Alusiones Mexicanas

Miguel Angel Echegaray


Varias referencias, entresacadas de aquí y de allá, casi por casualidad, vienen ahora a cuento. Menciones un tanto extrañas a un país considerado no menos extraño. Catorce años antes de viajar por México y Centroamérica, en 1937, Aldous Huxley escribió  el relato “El sombrero mexicano”. Nacionalidad reconocida gracias a un accesorio que corona la indumentaria gentilicia .


para Mariana Echegaray

Por supuesto que los mexicanos no inventaron el sombrero: tal honor les pertenece, según se sabe, a los antiguos habitantes de Egipto. Pero los mexicanos lo adoptaron poniéndoselo sobre la cabeza como muchos otros habitantes del planeta.

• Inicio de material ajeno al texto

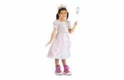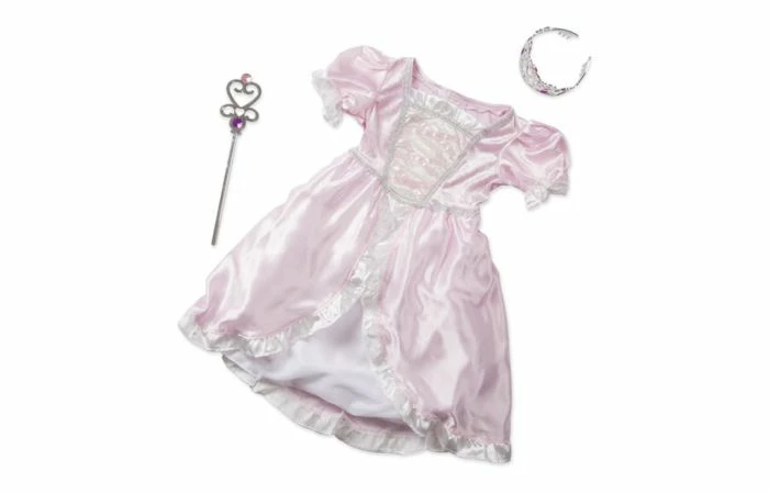 – satijnen jurk inclusief zilveren toverstaf en kroon

El caso es que el sombrero arraigó en territorio nacional y ya no se abandonó nunca, salvo por unos instantes para saludar o hacer una reverencia a una linda señorita, a un cura o al dueño de una hacienda.

También es probable que los mexicanos, con aviesas intenciones, nos hayamos apoderado de tan significativo complemento, mediante la exageración de su tamaño original, hasta convertirlo en una pieza desmesurada y llamativa. Su conversión  en estrafalario se debe a nuestra inventiva; no es poca cosa.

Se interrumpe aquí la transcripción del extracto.